What the task asks. Repeat the records below exactly, from the first line through the line containing "بَابُ بَيَانِ مُشْكِلِ", and leave out any pictures.

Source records
━━━
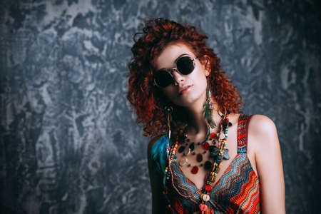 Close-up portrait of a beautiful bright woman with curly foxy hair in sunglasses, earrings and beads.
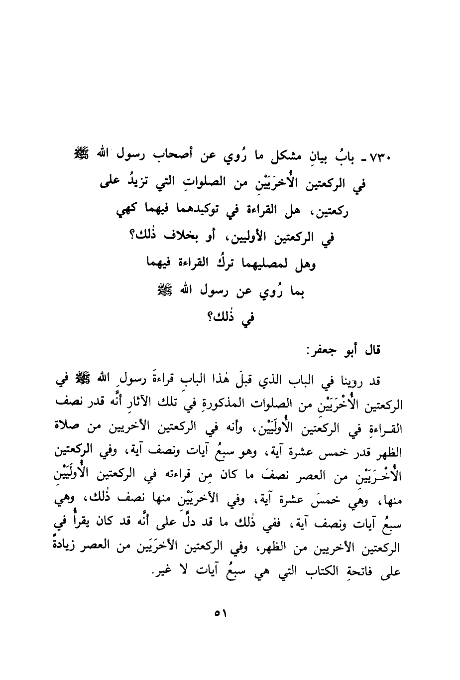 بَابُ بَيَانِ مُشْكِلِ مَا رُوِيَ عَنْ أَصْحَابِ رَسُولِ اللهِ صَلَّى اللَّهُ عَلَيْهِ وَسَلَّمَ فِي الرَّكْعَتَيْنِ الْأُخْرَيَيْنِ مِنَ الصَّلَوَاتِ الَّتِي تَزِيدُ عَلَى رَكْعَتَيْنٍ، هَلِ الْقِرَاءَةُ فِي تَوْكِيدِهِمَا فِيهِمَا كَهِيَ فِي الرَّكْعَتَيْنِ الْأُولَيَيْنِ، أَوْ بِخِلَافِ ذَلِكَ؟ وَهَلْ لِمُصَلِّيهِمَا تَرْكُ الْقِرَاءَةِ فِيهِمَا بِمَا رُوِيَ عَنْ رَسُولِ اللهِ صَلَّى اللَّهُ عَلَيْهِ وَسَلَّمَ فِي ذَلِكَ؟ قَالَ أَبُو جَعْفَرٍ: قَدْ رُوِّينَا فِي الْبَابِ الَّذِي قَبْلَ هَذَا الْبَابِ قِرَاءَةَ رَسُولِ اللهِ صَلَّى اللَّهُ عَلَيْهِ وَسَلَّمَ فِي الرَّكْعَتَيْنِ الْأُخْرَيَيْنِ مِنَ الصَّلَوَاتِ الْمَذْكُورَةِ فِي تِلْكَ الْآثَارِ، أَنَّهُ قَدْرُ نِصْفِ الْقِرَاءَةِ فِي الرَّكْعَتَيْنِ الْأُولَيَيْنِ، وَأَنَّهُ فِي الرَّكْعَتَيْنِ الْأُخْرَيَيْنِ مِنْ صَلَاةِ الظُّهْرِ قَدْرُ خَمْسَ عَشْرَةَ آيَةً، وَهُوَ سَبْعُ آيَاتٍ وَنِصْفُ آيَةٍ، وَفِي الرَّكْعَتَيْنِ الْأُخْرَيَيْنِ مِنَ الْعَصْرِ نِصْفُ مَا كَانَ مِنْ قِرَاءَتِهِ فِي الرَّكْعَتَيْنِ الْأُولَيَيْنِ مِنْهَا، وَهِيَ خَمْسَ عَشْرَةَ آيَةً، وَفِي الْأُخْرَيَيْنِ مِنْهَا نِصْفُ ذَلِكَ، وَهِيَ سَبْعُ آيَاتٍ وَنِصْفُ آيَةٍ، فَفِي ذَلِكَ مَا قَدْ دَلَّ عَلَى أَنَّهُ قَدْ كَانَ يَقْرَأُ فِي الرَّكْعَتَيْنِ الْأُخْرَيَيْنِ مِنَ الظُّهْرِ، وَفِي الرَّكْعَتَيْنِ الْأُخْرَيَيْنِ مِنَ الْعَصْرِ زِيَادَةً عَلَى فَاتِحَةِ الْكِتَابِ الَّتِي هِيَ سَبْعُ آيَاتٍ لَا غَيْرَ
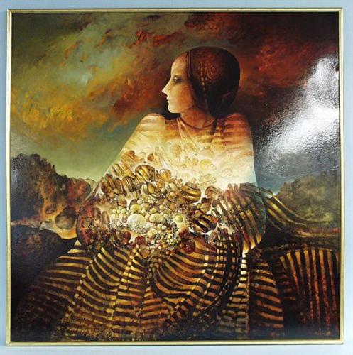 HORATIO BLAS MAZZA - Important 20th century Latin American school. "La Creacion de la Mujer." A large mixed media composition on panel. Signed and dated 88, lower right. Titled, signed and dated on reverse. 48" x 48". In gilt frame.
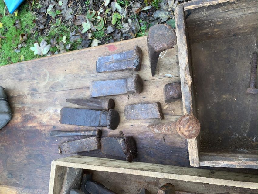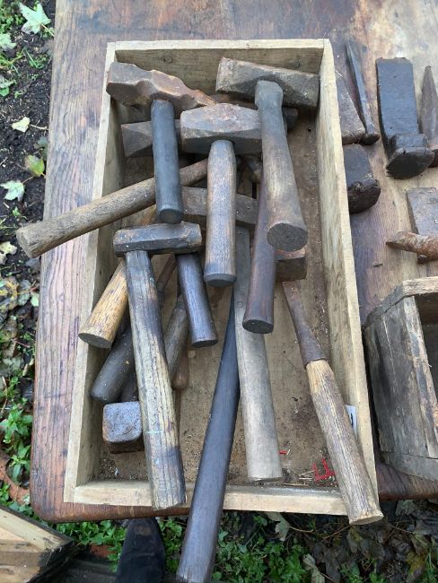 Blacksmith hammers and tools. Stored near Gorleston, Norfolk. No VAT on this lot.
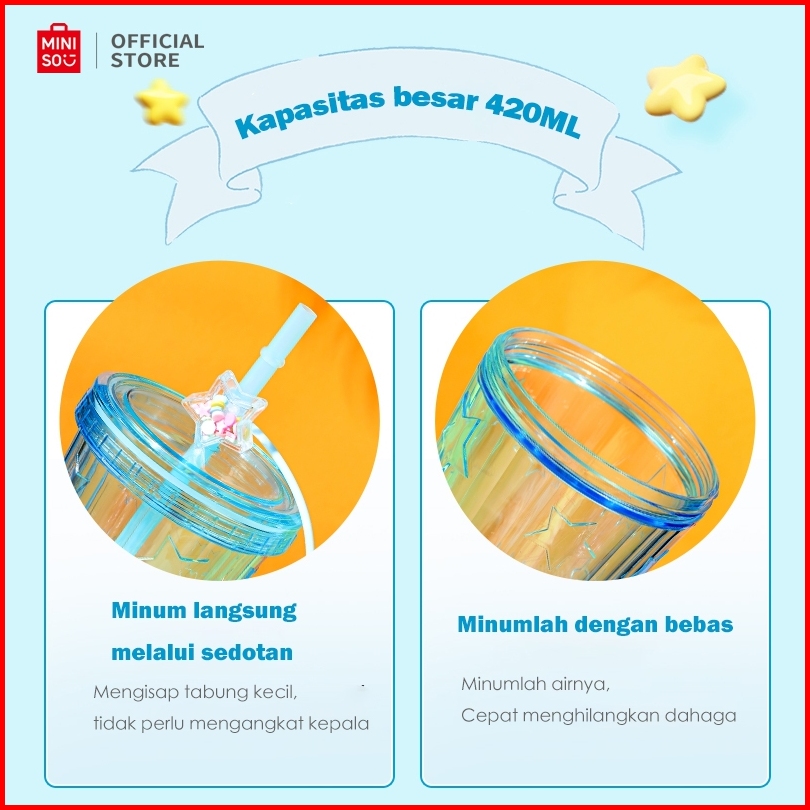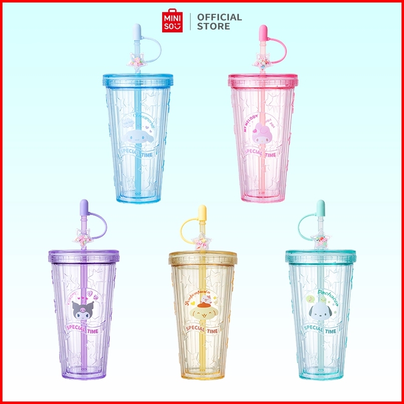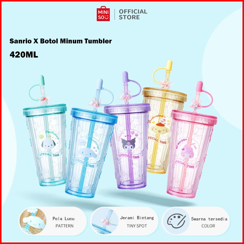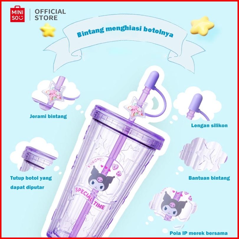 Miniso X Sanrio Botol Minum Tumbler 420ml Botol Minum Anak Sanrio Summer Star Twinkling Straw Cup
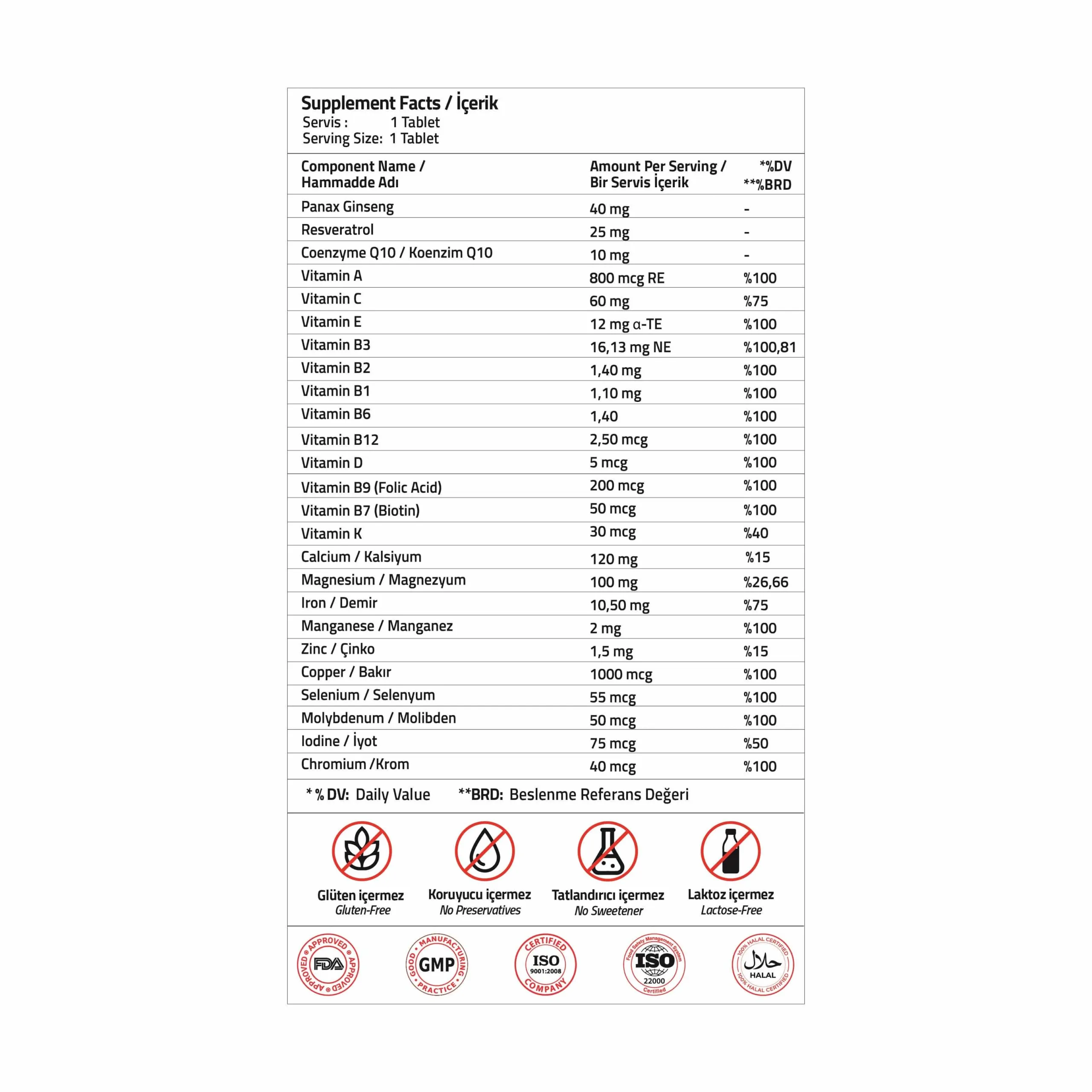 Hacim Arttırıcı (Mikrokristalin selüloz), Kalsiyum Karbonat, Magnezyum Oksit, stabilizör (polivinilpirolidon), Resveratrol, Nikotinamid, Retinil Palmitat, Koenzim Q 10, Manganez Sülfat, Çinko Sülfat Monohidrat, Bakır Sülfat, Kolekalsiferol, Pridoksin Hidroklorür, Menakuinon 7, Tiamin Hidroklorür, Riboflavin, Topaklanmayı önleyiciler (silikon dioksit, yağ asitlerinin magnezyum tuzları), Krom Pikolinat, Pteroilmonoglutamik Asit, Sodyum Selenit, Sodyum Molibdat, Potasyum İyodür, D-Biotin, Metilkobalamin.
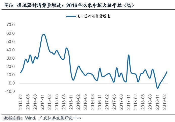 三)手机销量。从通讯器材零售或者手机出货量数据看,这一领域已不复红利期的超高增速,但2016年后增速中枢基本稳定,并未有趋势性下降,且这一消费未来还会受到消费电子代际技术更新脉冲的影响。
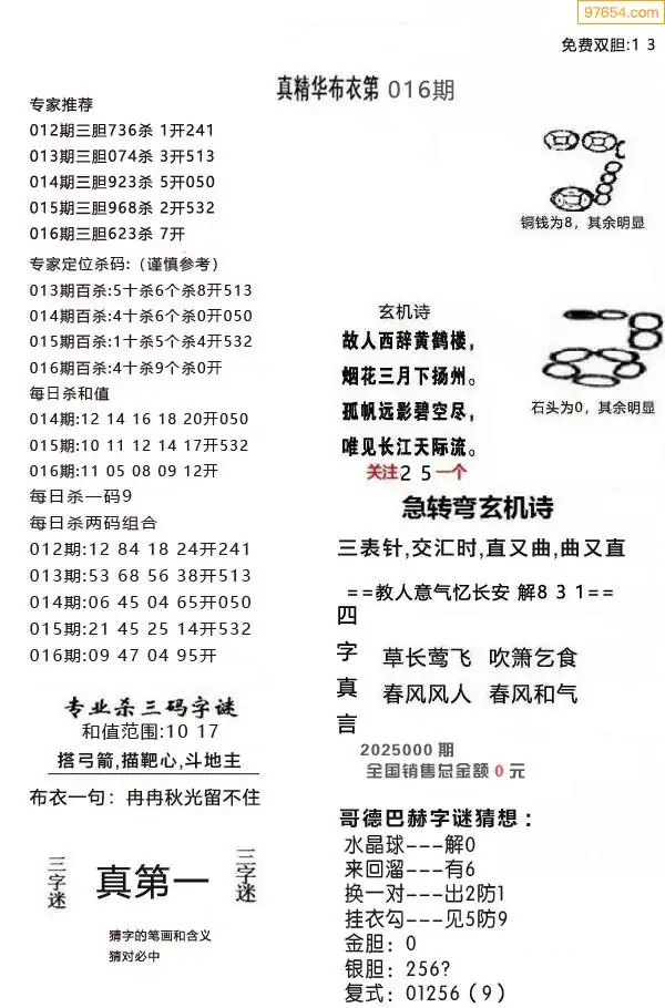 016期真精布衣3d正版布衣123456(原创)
━━━
Written response.
 Close-up portrait of a beautiful bright woman with curly foxy hair in sunglasses, earrings and beads.
 بَابُ بَيَانِ مُشْكِلِ مَا رُوِيَ عَنْ أَصْحَابِ رَسُولِ اللهِ صَلَّى اللَّهُ عَلَيْهِ وَسَلَّمَ فِي الرَّكْعَتَيْنِ الْأُخْرَيَيْنِ مِنَ الصَّلَوَاتِ الَّتِي تَزِيدُ عَلَى رَكْعَتَيْنٍ، هَلِ الْقِرَاءَةُ فِي تَوْكِيدِهِمَا فِيهِمَا كَهِيَ فِي الرَّكْعَتَيْنِ الْأُولَيَيْنِ، أَوْ بِخِلَافِ ذَلِكَ؟ وَهَلْ لِمُصَلِّيهِمَا تَرْكُ الْقِرَاءَةِ فِيهِمَا بِمَا رُوِيَ عَنْ رَسُولِ اللهِ صَلَّى اللَّهُ عَلَيْهِ وَسَلَّمَ فِي ذَلِكَ؟ قَالَ أَبُو جَعْفَرٍ: قَدْ رُوِّينَا فِي الْبَابِ الَّذِي قَبْلَ هَذَا الْبَابِ قِرَاءَةَ رَسُولِ اللهِ صَلَّى اللَّهُ عَلَيْهِ وَسَلَّمَ فِي الرَّكْعَتَيْنِ الْأُخْرَيَيْنِ مِنَ الصَّلَوَاتِ الْمَذْكُورَةِ فِي تِلْكَ الْآثَارِ، أَنَّهُ قَدْرُ نِصْفِ الْقِرَاءَةِ فِي الرَّكْعَتَيْنِ الْأُولَيَيْنِ، وَأَنَّهُ فِي الرَّكْعَتَيْنِ الْأُخْرَيَيْنِ مِنْ صَلَاةِ الظُّهْرِ قَدْرُ خَمْسَ عَشْرَةَ آيَةً، وَهُوَ سَبْعُ آيَاتٍ وَنِصْفُ آيَةٍ، وَفِي الرَّكْعَتَيْنِ الْأُخْرَيَيْنِ مِنَ الْعَصْرِ نِصْفُ مَا كَانَ مِنْ قِرَاءَتِهِ فِي الرَّكْعَتَيْنِ الْأُولَيَيْنِ مِنْهَا، وَهِيَ خَمْسَ عَشْرَةَ آيَةً، وَفِي الْأُخْرَيَيْنِ مِنْهَا نِصْفُ ذَلِكَ، وَهِيَ سَبْعُ آيَاتٍ وَنِصْفُ آيَةٍ، فَفِي ذَلِكَ مَا قَدْ دَلَّ عَلَى أَنَّهُ قَدْ كَانَ يَقْرَأُ فِي الرَّكْعَتَيْنِ الْأُخْرَيَيْنِ مِنَ الظُّهْرِ، وَفِي الرَّكْعَتَيْنِ الْأُخْرَيَيْنِ مِنَ الْعَصْرِ زِيَادَةً عَلَى فَاتِحَةِ الْكِتَابِ الَّتِي هِيَ سَبْعُ آيَاتٍ لَا غَيْرَ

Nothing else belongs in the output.